Can someone please help me with this question from a very very old exam paper:

Prove that sin^2((A+B)/2) - sin^2((A-B)/2) = sinAsinB

and hence show that if A,B and C are three variable acute angles such that A+B+C is a constant then the greatest value of the product of sinAsinBsinC occurs when A=B=C.

I can prove the first part by using the result sin^2(A) = 1/2 (1-cos2A) and then solving through.

How is the first part then used to solve the second part of the question?

 

[Deleted member 4993]

Can someone please help me with this question from a very very old exam paper:

Prove that sin^2((A+B)/2) - sin^2((A-B)/2) = sinAsinB

and hence show that if A,B and C are three variable acute angles such that A+B+C is a constant then the greatest value of the product of sinAsinBsinC occurs when A=B=C.

I can prove the first part by using the result sin^2(A) = 1/2 (1-cos2A) and then solving through.

How is the first part then used to solve the second part of the question?

Have you taken a course in Calculus?

For the first part, easier method would be to:

sin^2((A+B)/2) - sin^2((A-B)/2)

= [sin((A+B)/2) - sin((A-B)/2)] * [sin((A+B)/2) + sin((A-B)/2)]

= [2*sin(B/2)*cos(A/2)]*[2*sin(A/2)*cos(B/2]

= sin(2*A/2)*sin(2*B/2)

= sin(A) * sin(B)

 

[ScholMaths]

Yes - I have done a course in calculus, although this question came from the non-calculus paper "a" (trig + algebra).
So, I guess the next step is to use calculus to maximise:

sin(k-A-B)*[sin^2((A+B)/2) - sin^2((A-B)/2)], as A+B+C =constant, k ?

Any help from here please?

 

[Novice]

I cannot completely satisfy you due to my limited knowledge, but I'll try.
For sinAsinB to be maximum, sin^2((A+B)/2) - sin^2((A-B)/2) should be maximum, which is true when the negative term, sin^2((A-B)/2) is minimum, i.e, it is equal to zero (it cannot be negative as sin^2((A-B)/2 is a square).

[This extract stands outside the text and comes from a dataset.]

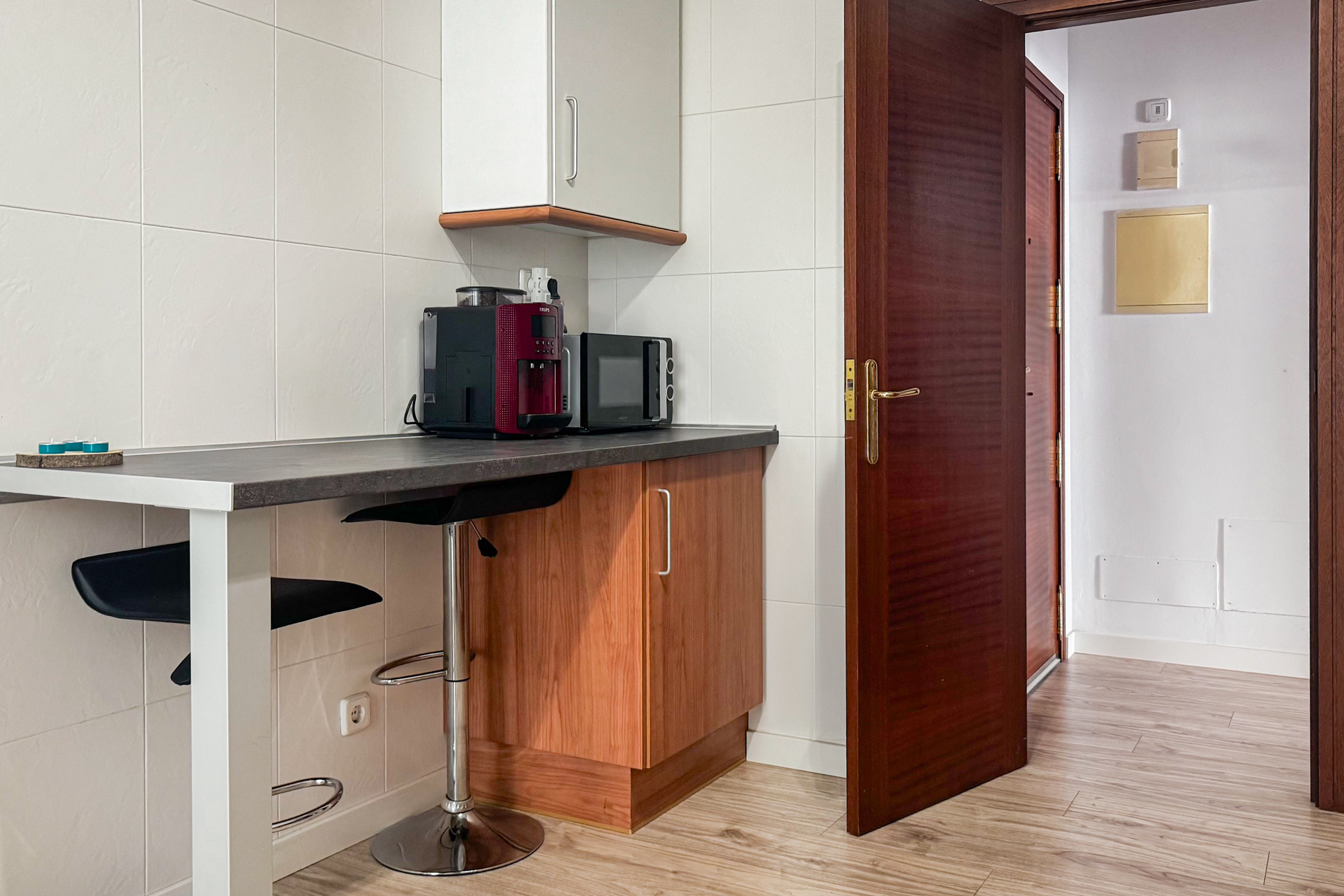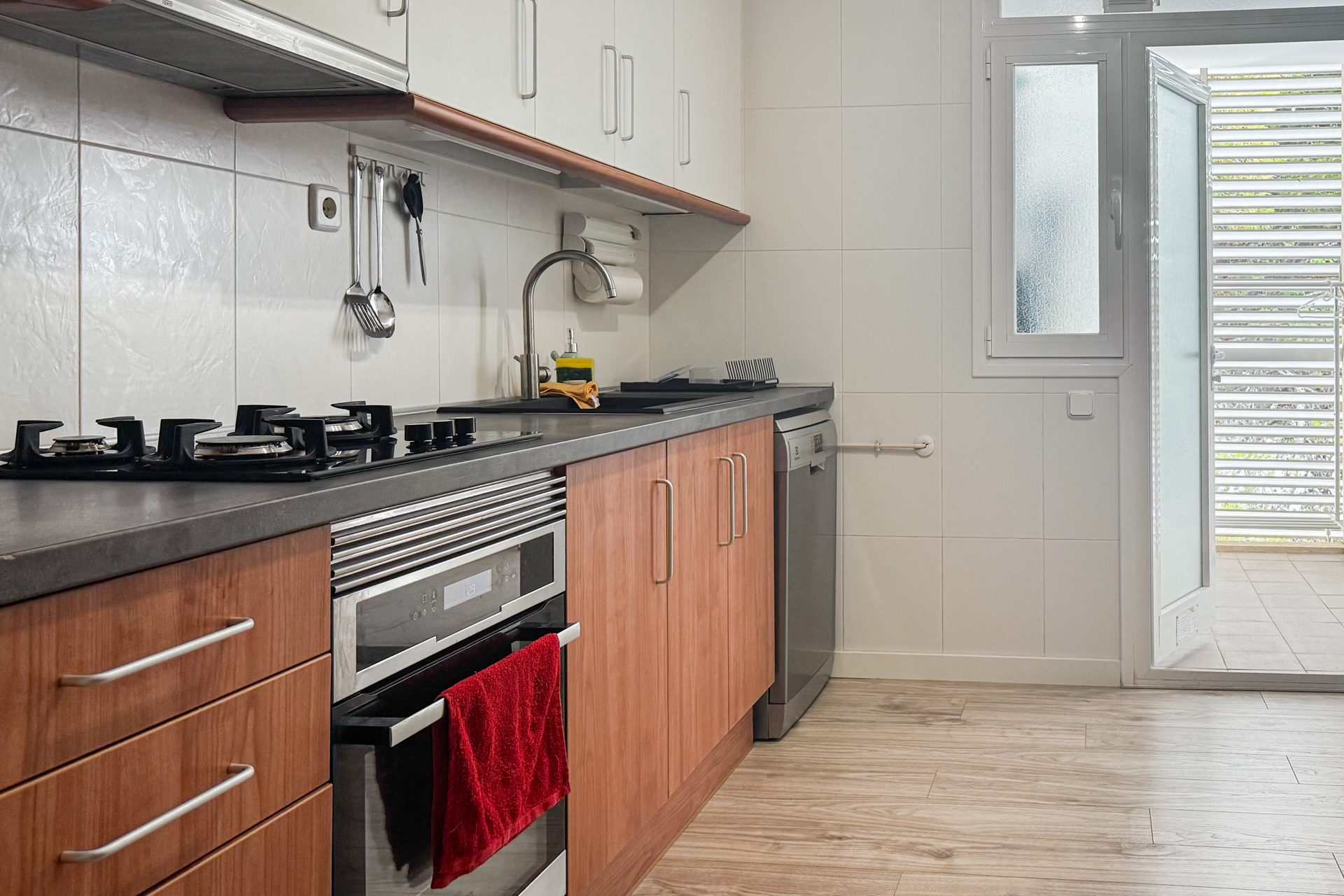 Die Wohnung befindet sich im dritten Stock eines Gebäudes mit Aufzug und bietet ca. 106 m² Wohnfläche. Sie verfügt über eine voll ausgestattete Küche mit Hauswirtschaftsraum, die viel Stauraum bietet.

This implies that A-B/2=0, or A-B=0, or A=B. Similarly we can prove that maximum values of sinBsinC and sinCsinA are achieved when B=C and C=A respectively, thus implying, that A=B=C.

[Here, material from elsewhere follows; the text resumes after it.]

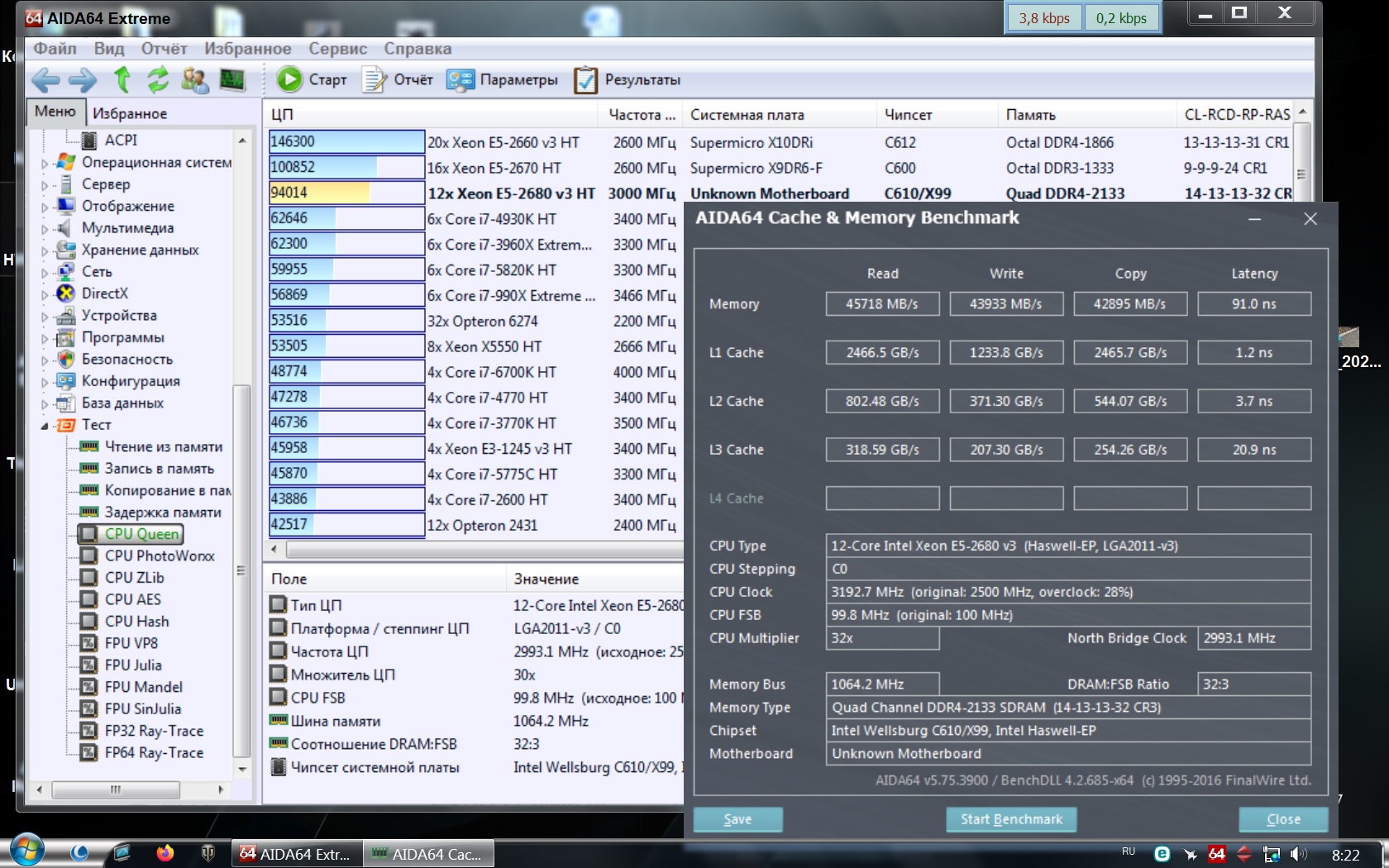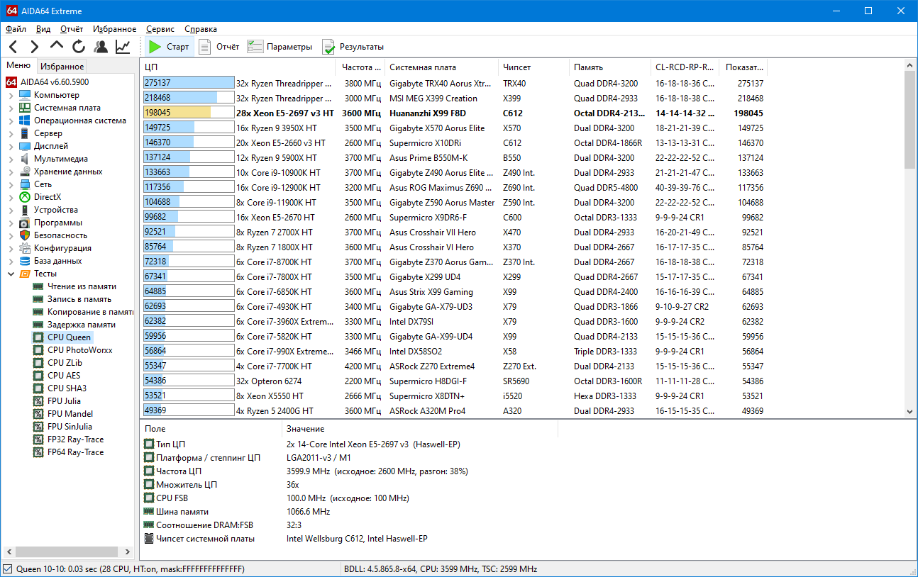 Не знаю что измеряет CPU Queen но видно насколько неэффективно это пашет на двух процах. Один 18 ядерник выбивает 150000 баллов против 135000 и ещё интересно что выше двухпроцессорная 20 ядерная система на 2660 выбивает больше чем 28 ядерная. Походу надо поиграться с настройками в биосе, со всякими NUMA и прочими. Чё-то тут не то.

Explanation: For the square root of the product of sinAsinB, sinBsinC, and sinCsinA (i.e. (sinAsinBsinC)^2 to be maximum, each of sinAsinB, sinBsinC, and sinCsinA should be maximum, which we have shown is achieved when A=B=C.
THEOREM: If a+b+c are given to be constant, any cyclic function in a, b, and c attains its minimum OR maximum value at a=b=c( for convenience I have used three variables, but this property is true for any number of variables). Why, I do not know.